Runbook: Pod-to-Pod Communication Failing

1

Check NetworkPolicies

kubectl get networkpolicies -A

# Describe policy blocking traffic
kubectl describe networkpolicy POLICY_NAME -n NAMESPACE
2

Test connectivity

# Deploy test pods
kubectl run test-source --image=busybox --restart=Never -- sleep 3600
kubectl run test-dest --image=nginx --restart=Never

# Get dest pod IP
DEST_IP=$(kubectl get pod test-dest -o jsonpath='{.status.podIP}')

# Test from source
kubectl exec test-source -- wget -O- http://$DEST_IP

# Clean up
kubectl delete pod test-source test-dest
3

Check VPC CNI

# Check VPC CNI pod logs
kubectl logs -n kube-system -l k8s-app=aws-node --tail=100

# Restart VPC CNI if needed
kubectl rollout restart daemonset aws-node -n kube-system

RDS Operations

Runbook: RDS Backup and Restore

1

Verify automated backups

aws rds describe-db-instances \
  --db-instance-identifier mcp-langgraph-prod \
  --query "DBInstances[].{Backup:BackupRetentionPeriod,Window:PreferredBackupWindow}"

# List available snapshots
aws rds describe-db-snapshots \
  --db-instance-identifier mcp-langgraph-prod \
  --query "DBSnapshots[].[DBSnapshotIdentifier,SnapshotCreateTime,Status]"
2

Create manual snapshot

aws rds create-db-snapshot \
  --db-instance-identifier mcp-langgraph-prod \
  --db-snapshot-identifier mcp-langgraph-prod-manual-$(date +%Y%m%d-%H%M)

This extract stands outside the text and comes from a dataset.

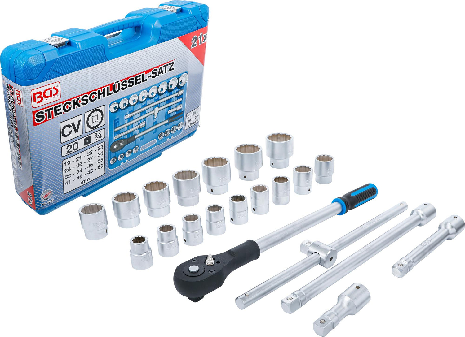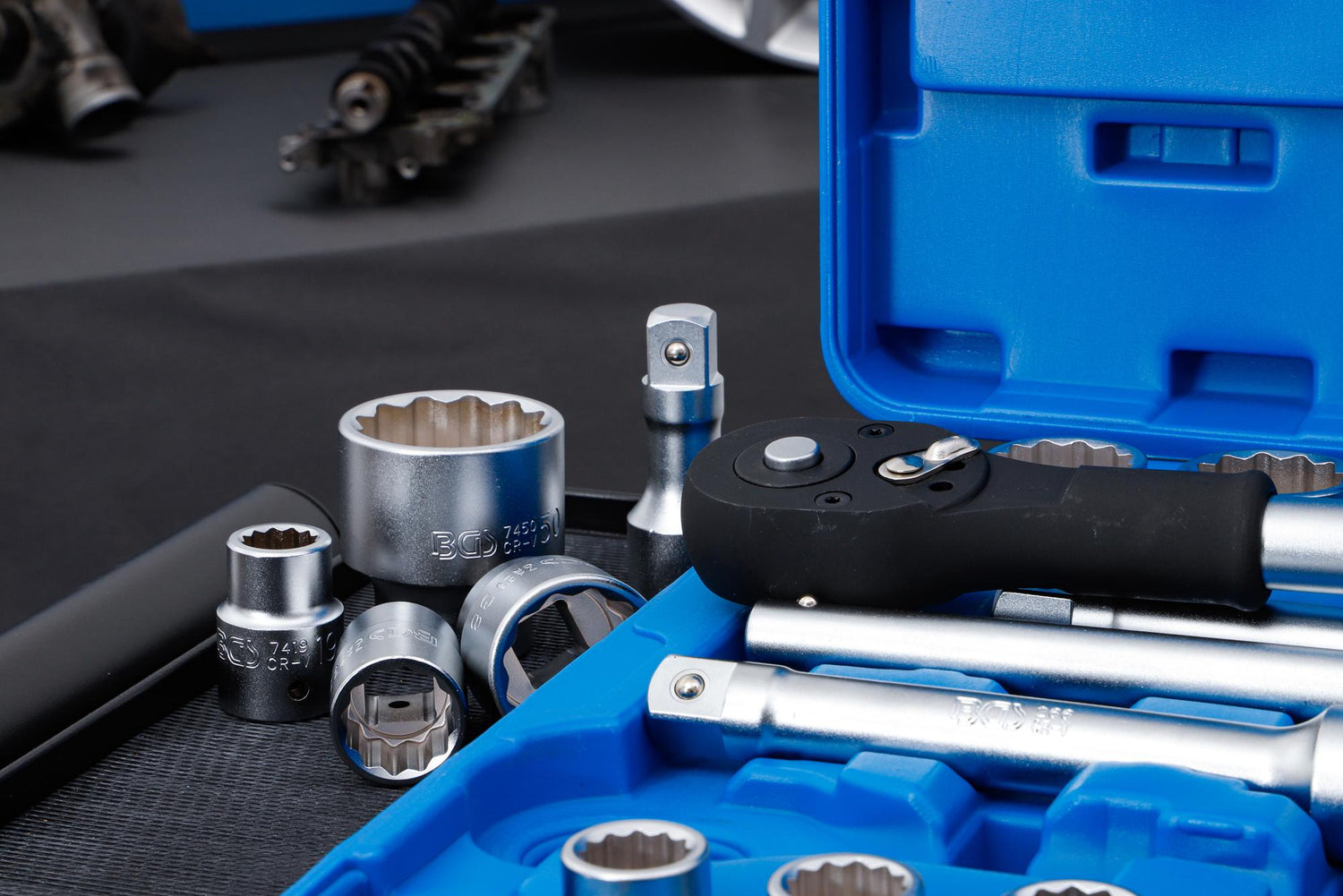 Profesionalių įrankių rinkinį BGS Technic 1223 sudaro 21 vnt. PRO+ klasės įrankių, pagamintų iš chromo vanadžio ir chromo molibdeno (CrV | CrMo) plieno lydinio. Tinka didelio intensyvumo naudojimui. Komplekte yra 3/4" dvylikakampių 12PT galvučių rinkinys, tiesaus profilio reversinis terkšlinis raktas, prailgintuvai ir T-tipo slankiojantis raktas. Įrankiai dengti matiniu chromu (Satin Chrome) ir sudėlioti tvirtame plastikiniame lagamine. Šios konfigūracijos profesionalių įrankių rinkinys tinka surinkimo darbams, automobilių remontui bei kitiems darbams namuose ar dirbtuvėse.
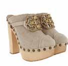 En toile et bois beige, boucles de chaussures en motif fantaisie.

# Wait for snapshot to complete
aws rds wait db-snapshot-completed \
  --db-snapshot-identifier mcp-langgraph-prod-manual-YYYYMMDD-HHMM
3

Restore from snapshot

# Restore to new instance
aws rds restore-db-instance-from-db-snapshot \
  --db-instance-identifier mcp-langgraph-restored \
  --db-snapshot-identifier mcp-langgraph-prod-manual-YYYYMMDD-HHMM \
  --db-instance-class db.t3.medium \
  --vpc-security-group-ids sg-XXXXX \
  --db-subnet-group-name mcp-langgraph-prod-db-subnet

# Wait for restore to complete (~10-15 min)
aws rds wait db-instance-available \
  --db-instance-identifier mcp-langgraph-restored
4

Point application to restored DB

# Get restored DB endpoint
RESTORED_ENDPOINT=$(aws rds describe-db-instances \
  --db-instance-identifier mcp-langgraph-restored \
  --query "DBInstances[].Endpoint.Address" \
  --output text)

# Update secret
kubectl patch secret database-credentials \
  -n mcp-server-langgraph \
  -p "{\"data\":{\"host\":\"$(echo -n $RESTORED_ENDPOINT | base64)\"}}"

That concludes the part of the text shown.